Another scenario is “Inventory Gravity.” Here Compass leverages its size to promote in-network exclusives and early access to listings. Even if the MLS remains the official source of record, consumers who want the first look may have to enter Compass’s ecosystem. That would shift leverage dramatically toward the largest firms and away from independents. This strategy carries the most regulatory risk as it grows and would not happen overnight.

Barbell Market

The third scenario is the “Barbell Market.” On one side, low-cost, cloud-based brokerages such as eXp and Real continue to attract agents who value maximum splits and independence. On the other side, Compass offers full-service brands with relocation, referrals, and marketing support. The middle ground shrinks. Traditional regionals without scale in either direction will struggle to compete. You can see how based on average price per side, the market could start to segment itself into two groups (assuming consumer needs will be aligned this way):

“Barbell” Scenario Based on Price Per Side

RT Ranking Company Volume ($) % of total Price Per Side Player
1 Compass* 231,040,000,000 14% $1,009,856 Tier 1
2 Anywhere Advisors 183,810,000,000 11% $744,990 Tier 1
4 HomeServices of America 136,640,000,000 8% $608,682 Tier 1
6 Douglas Elliman 36,390,000,000 2% $1,670,876 Tier 1
Tier 1 Volume $587,880,000,000 36%
3 eXp Realty 152,660,000,000 9% $436,023 Tier 2
5 The Real Brokerage, Inc. 42,440,000,000 3% $469,999 Tier 2
7 Hanna Holdings 33,740,000,000 2% $366,126 Tier 2
10 United Real Estate 20,450,000,000 1% $444,324 Tier 2
Tier 2 Volume $249,290,000,000 15%
8 Redfin 29,480,000,000 2% $635,057 Outlier
9 Side 23,870,000,000 1% $1,013,459 Outlier

Data based on RealTrends 2024 Top 1000

The Future of the MLS

The MLS is not going to disappear overnight. It remains the compliance and cooperation backbone for residential real estate. Yet, if more listings debut as “coming soon” inside brokerage networks before hitting the MLS, the value of MLS data to buyers could erode. Expect MLSs to consolidate further, tighten their rules on pre-market listings, and forge new partnerships with portals to reinforce their relevance. The MLS of the future will be smaller in number, larger in footprint, and more focused on protecting broad consumer access.

What to Watch

For agents, the most pressing question will be whether Compass unifies commission splits across its brands or allows franchises to set their own terms. For consumers, the key issue is how quickly listings appear on public portals compared to in-network channels. For regulators, the central focus will be whether the merger changes the competitive dynamics of access to inventory.

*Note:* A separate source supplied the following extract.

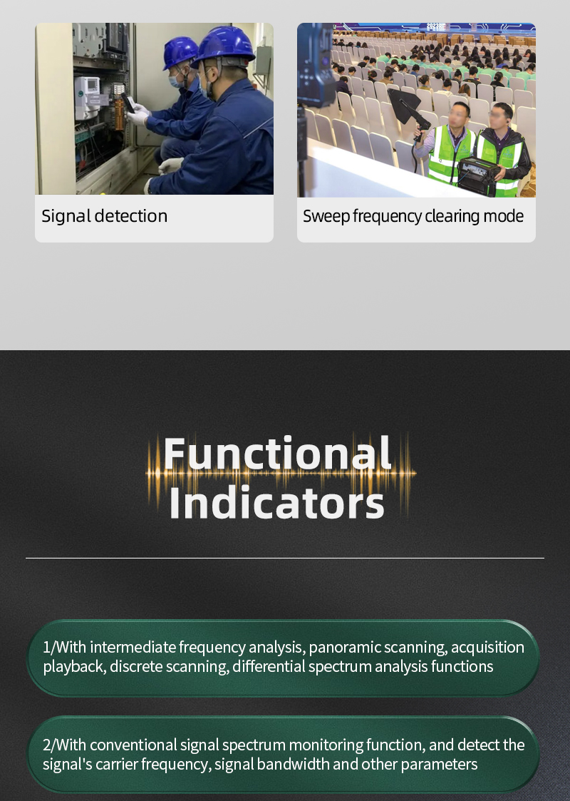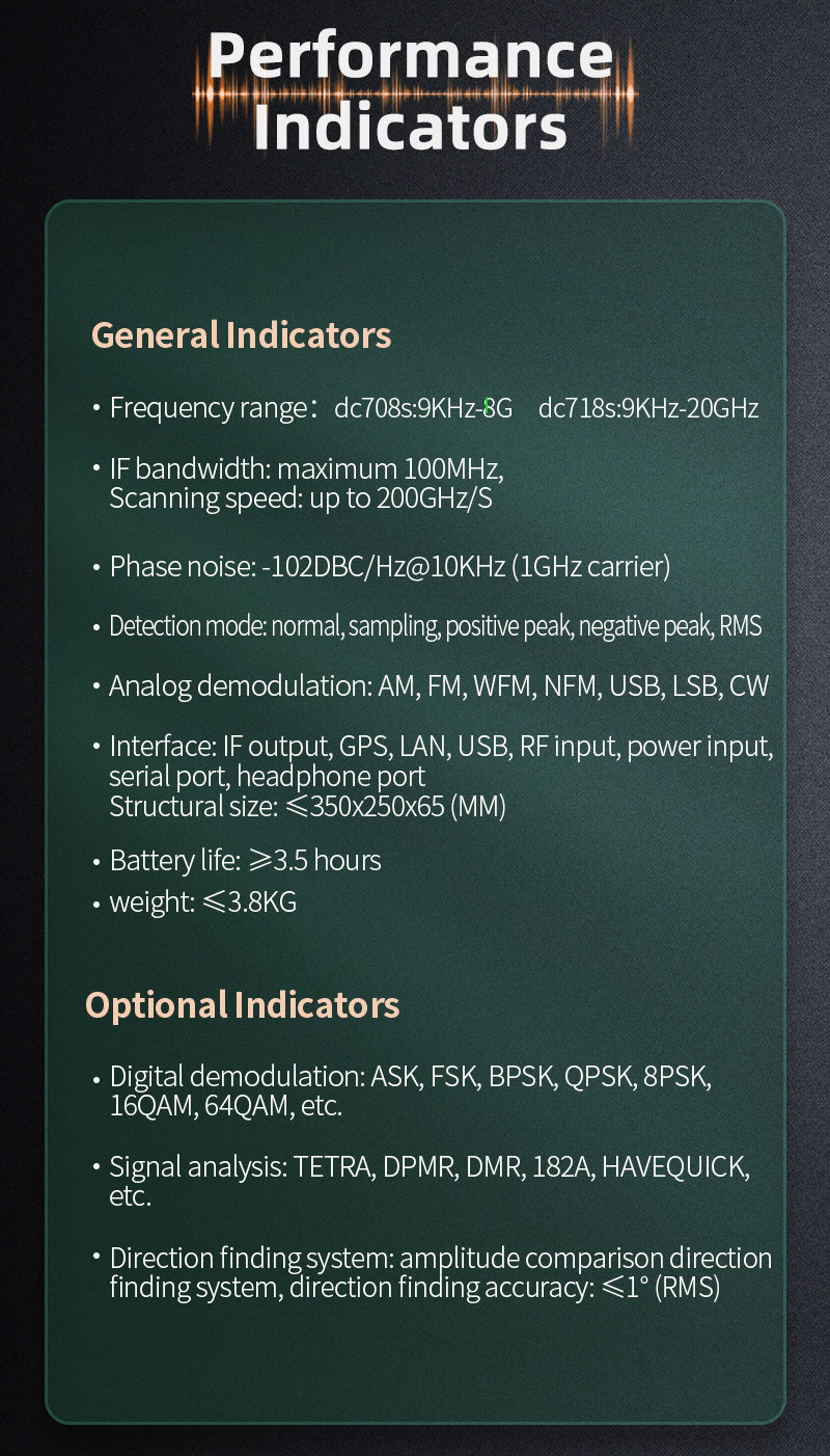 (1) Able to detect and analyze RF signals in the range of 9KHz-8GHz/20GHz;

Portals are a whole other piece to this puzzle. They remain the main consumer gateways, and they will resist any move that weakens their role in discovery. Expect further legal battles and policy debates about how and when listings are displayed.

A Turning Point

This merger is not the end of competition in real estate. It does not eliminate the MLS, nor does it create a monopoly. But it signals a turning point. With 219,000 U.S. agents under one roof, Compass has established itself as the dominant full-service platform. Add in the 340,000 global figure and the scope becomes clear: Compass is now both the largest U.S. brokerage and a global brand network of unprecedented reach. The open question is how independents, teams, and consumers will adapt in the space between.